→ **WORK ORDER**
An exact repetition of the data is required; no picture should appear in it.

→ **COLLECTED MATERIAL**

=== Section Start ===

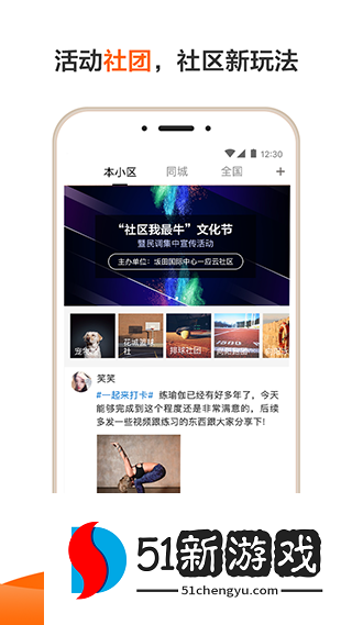 4、进入社区区,查看小区各种动态信息,在线分享生活动态,培养健康生活习惯。
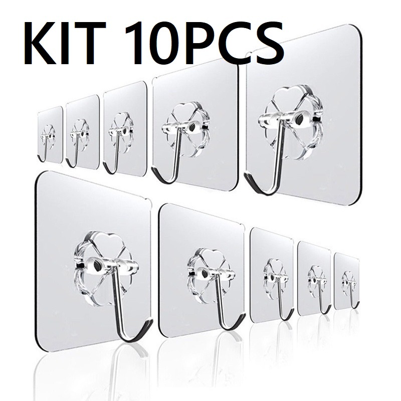 Kit 10 Ganchos Parede Adesivo Organizador Multiuso Com Dupla Face Para Pendurar Objetos
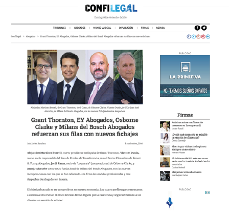 Artículo en ConfiLegal: “Grant Thornton, EY Abogados, Osborne Clarke y Milans del Bosch Abogados refuerzan sus filas con nuevos fichajes”
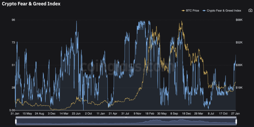 Vào ngày 30/1, chỉ số này đạt mức 61, được coi là nằm trong lãnh thổ “Tham lam” và gần với mức cao nhất trong một năm của nó. Điều này hoàn toàn trái ngược với tháng trước, khi chỉ số này đứng ở mức 25, báo hiệu “tâm lý sợ hãi tột độ” của các nhà đầu tư.

=== Section End ===

→ **RESULT**
 4、进入社区区,查看小区各种动态信息,在线分享生活动态,培养健康生活习惯。
 Kit 10 Ganchos Parede Adesivo Organizador Multiuso Com Dupla Face Para Pendurar Objetos
 Artículo en ConfiLegal: “Grant Thornton, EY Abogados, Osborne Clarke y Milans del Bosch Abogados refuerzan sus filas con nuevos fichajes”
 Vào ngày 30/1, chỉ số này đạt mức 61, được coi là nằm trong lãnh thổ “Tham lam” và gần với mức cao nhất trong một năm của nó. Điều này hoàn toàn trái ngược với tháng trước, khi chỉ số này đứng ở mức 25, báo hiệu “tâm lý sợ hãi tột độ” của các nhà đầu tư.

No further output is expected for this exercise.